The bottom line for this post is that there is very little data on dental caries and some of those recommendations. In fact, there is no research at all on fermented cod liver oil, or even regular cod liver oil for dental caries. Obviously it makes sense to give high vitamin D and vitamin K2 containing foods to strengthen enamel (in addition to calcium, magnesium, boron and strontium) – there is good data that those vitamins and minerals help in the ossification of bones. This is likely true for teeth as well.
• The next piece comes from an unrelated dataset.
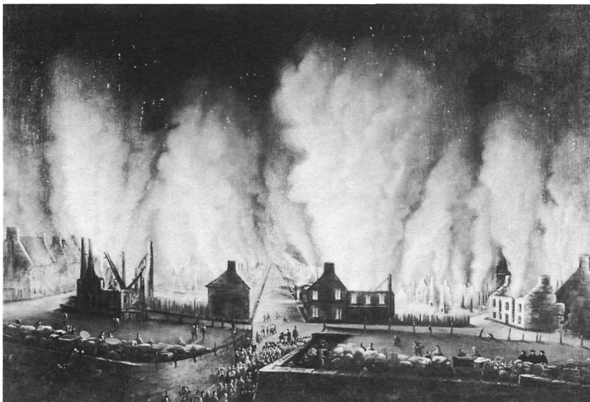
PICTURE 5: Joseph Légaré. L'incendie du quartier Saint-Jean vu vers l'ouest . (Art Gallery of Toronto.)

tent. 10 There also appears to be political meaning in some of his city painting.

There are likewise many anecdotal reports of success using homemade “remineralizing” toothpastes (containing calcium, magnesium and a variety of other natural substances). There is absolutely no data to support (or refute) this either. I think it is highly unlikely the tooth will significantly absorb any amount of topical minerals. But I don’t think it is harmful, so if your family has an extra afternoon to get a little messy – and you don’t mind greasy toothpaste – feel free to try those out as well. If your child’s caries worsen, then please switch back to “normal” toothpaste. The Missoula Pediatric Dentristry dentists highly recommend Tom’s of Maine Silly Strawberry toothpaste. (Yum!)